<<<<

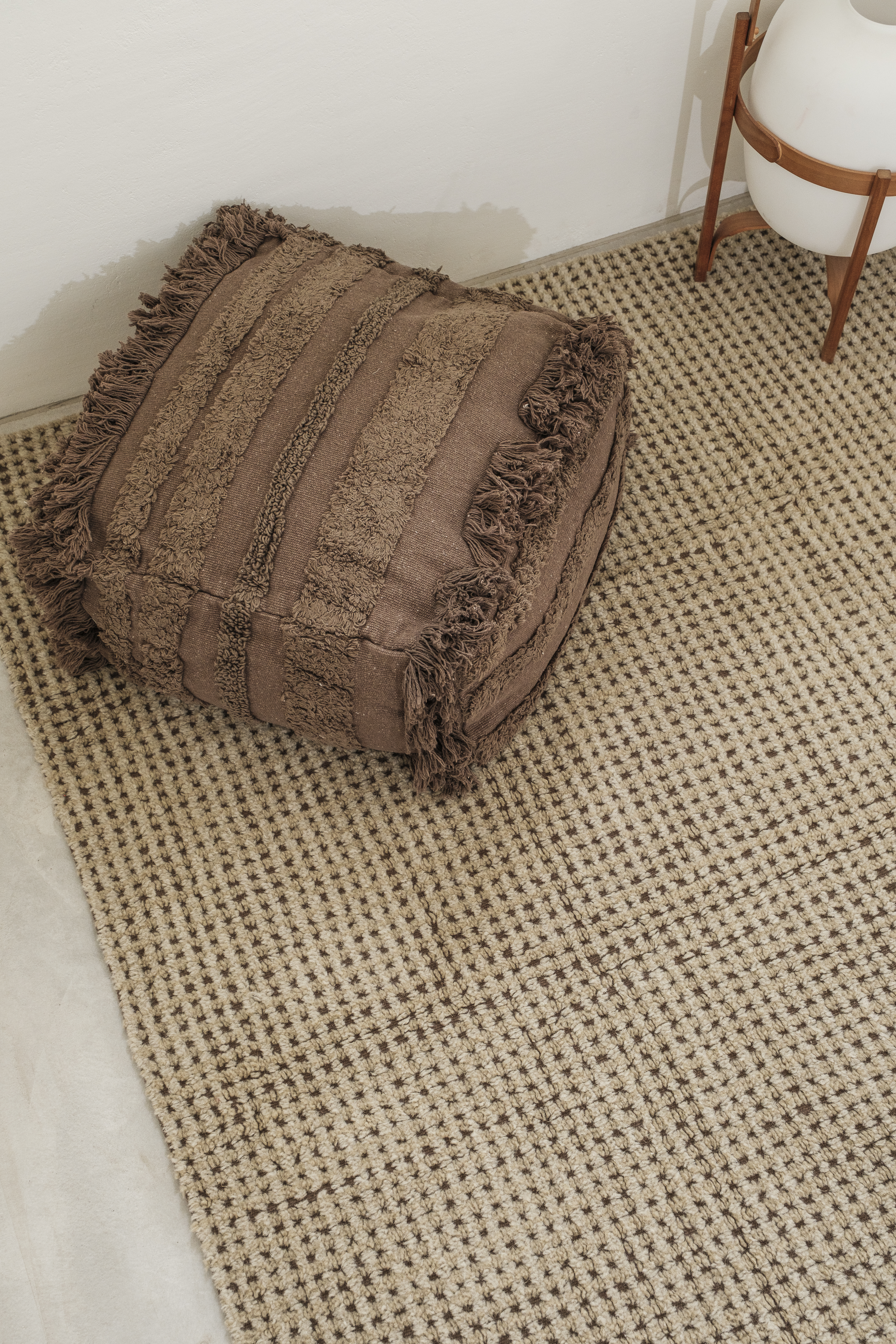 Een zorgvuldig handgemaakt wollen vloerkleed met kleine, onvolmaakte vierkante vormen die in de loop van de tijd geleidelijk hun schoonheid onthullen. Elk vierkant is in twee richtingen genaaid - eerst de ene kant op, dan de andere - waardoor een unieke textuur ontstaat waarbij de draad en de stof naadloos in elkaar overlopen, geleid door de hand van de ambachtsman. Ontworpen met een rijke bruine en natuurlijke canvas basis, geaccentueerd met subtiele mos- en basilicumtinten, brengt dit stuk een vleugje natuurlijke elegantie in elke ruimte. Het maakt deel uit van de Unexpected Collection en is verkrijgbaar in zes maten en zes kleuren en biedt veelzijdige opties om elk interieur aan te vullen. Dankzij ons WOOLABLE-patent® is dit vloerkleed machinewasbaar, lichtgewicht en zachter dan traditionele getufte wollen vloerkleden. Elk wasbaar wollen vloerkleed is verpakt in een katoenen draagtas die kan worden gebruikt voor opslag en bevat een gratis antislip onderlaag om onder het vloerkleed te passen en het op zijn plaats te houden. Wollen vloerkleden kunnen vezels afgeven wanneer ze nieuw zijn of tijdens gebruik. Dit is een natuurlijke eigenschap van de wolvezel. Leg het vloerkleed 2-3 dagen plat na het uitpakken. Borstel of stofzuig daarna voorzichtig om de stapel te herstellen.
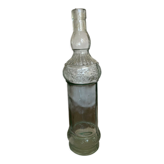 Glass bottle in a magnificent turquoise blue, with multiple reliefs. It is 32 cm high with a diameter of 7 cm. It has its original cap and will enhance your decoration.
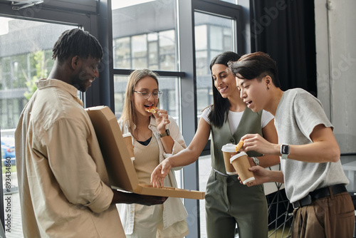 Obraz premium Four colleagues take a break from their work to enjoy pizza and coffee.

>>>>

◆ AIM OF THE EXERCISE: Set the data above down again exactly as given, with no pictures.

◆ TASK RESPONSE:
 Een zorgvuldig handgemaakt wollen vloerkleed met kleine, onvolmaakte vierkante vormen die in de loop van de tijd geleidelijk hun schoonheid onthullen. Elk vierkant is in twee richtingen genaaid - eerst de ene kant op, dan de andere - waardoor een unieke textuur ontstaat waarbij de draad en de stof naadloos in elkaar overlopen, geleid door de hand van de ambachtsman. Ontworpen met een rijke bruine en natuurlijke canvas basis, geaccentueerd met subtiele mos- en basilicumtinten, brengt dit stuk een vleugje natuurlijke elegantie in elke ruimte. Het maakt deel uit van de Unexpected Collection en is verkrijgbaar in zes maten en zes kleuren en biedt veelzijdige opties om elk interieur aan te vullen. Dankzij ons WOOLABLE-patent® is dit vloerkleed machinewasbaar, lichtgewicht en zachter dan traditionele getufte wollen vloerkleden. Elk wasbaar wollen vloerkleed is verpakt in een katoenen draagtas die kan worden gebruikt voor opslag en bevat een gratis antislip onderlaag om onder het vloerkleed te passen en het op zijn plaats te houden. Wollen vloerkleden kunnen vezels afgeven wanneer ze nieuw zijn of tijdens gebruik. Dit is een natuurlijke eigenschap van de wolvezel. Leg het vloerkleed 2-3 dagen plat na het uitpakken. Borstel of stofzuig daarna voorzichtig om de stapel te herstellen.
 Glass bottle in a magnificent turquoise blue, with multiple reliefs. It is 32 cm high with a diameter of 7 cm. It has its original cap and will enhance your decoration.
 Obraz premium Four colleagues take a break from their work to enjoy pizza and coffee.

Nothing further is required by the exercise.